Aaron Huff, writing in Overdrive sister magazine CCJ, recently detailed a question he received from a reader, who’d received a marketing email from the Nashville, Tenn.-based ELD Solutions provider that began with the following question:
Want E-logs that you can edit and add driving time?
The ELD Solutions company was promoting functionality in its electronic log application that allowed use in “AOBRD mode.” Using that mode, the email explained, carriers could simply edit driver logs and not leave a electronic trail showing the original log. “We only store the edited version, and not the original log,” the email said.
AOBRD, regular readers will recall, stands for Automatic On-Board Recording Device, the standards for which are codified in CFR 395.15, which specifies the conditions by which fleets can voluntary use e-logs in lieu of paper logbooks.
The CCJ reader, Huff wrote, wished to remain anonymous, and had this to say about the email he received and forwarded:
As a small carrier who strives for compliance and agrees with the ELD mandate (for the most part), I feel that the ELD mandate only makes sense if the system is an honest one. If drivers or companies are allowed to violate the HOS while technically in “compliance,” then they would gain an unfair competitive advantage.
Reports of e-log edits at fleets using them under the AOBRD standard today abound, of course, as any driver attuned to other drivers’ social media can attest. The extent to which the particularities of the editing feature in ELD Solutions’ application is unique is unknown. But many providers offer users the option to purchase a solution and run it in AOBRD mode, with at least some greater back-office editing flexibility, through December 2019, then switch to ELD mode when the AOBRD grace period ends.
However, as Huff reported on current regs for AOBRD edits:
According to information on its website, the Federal Motor Carrier Safety Administration allows fleet managers to edit drivers’ records of duty status from an AOBRD “to accurately reflect the driver’s activity.”
The manager must include an explanation of the mistake in the remarks section of either the original or amended record of duty status, the agency says, and “both the original and amended record of duty status must be retained by the motor carrier.”
According to the email from ELD Solutions, its AOBRD Mode does not store the original log. CCJ sent the exact wording used in the email to FMCSA spokesperson Duane DeBruyne for clarification. He confirmed that editing is allowable under the AOBRD rule, but did not implicate ELD Solutions for any wrongdoing.
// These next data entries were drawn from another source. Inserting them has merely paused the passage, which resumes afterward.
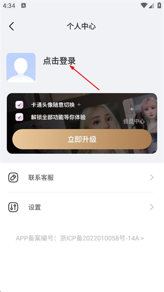 1、打開卡通相機APP,點擊頁面右上角個人中心圖標。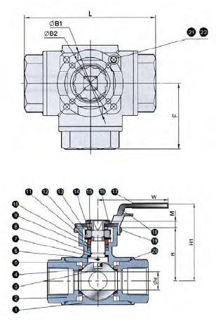 Кран шаровой трехходовой ´´L´´/ “T”- образный проход из нержавеющей стали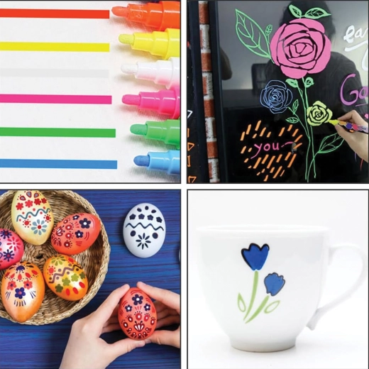 Markeri pišu neprozirno na raznim glatkim materijalima: izlozima, šalicama, tanjurima, dekoracijama ili uskrsnim jajima.

As regular readers will know, under the new ELD rule, fleet managers will be able to edit driver logbooks, but the rule returns control of most editing to the driver. When the back office manager is making the edit, drivers must be given a chance to accept or reject their edits. Drive time, from any account, cannot be shortened under the new rule, except in rare cases when incorrectly assigned in a team operation.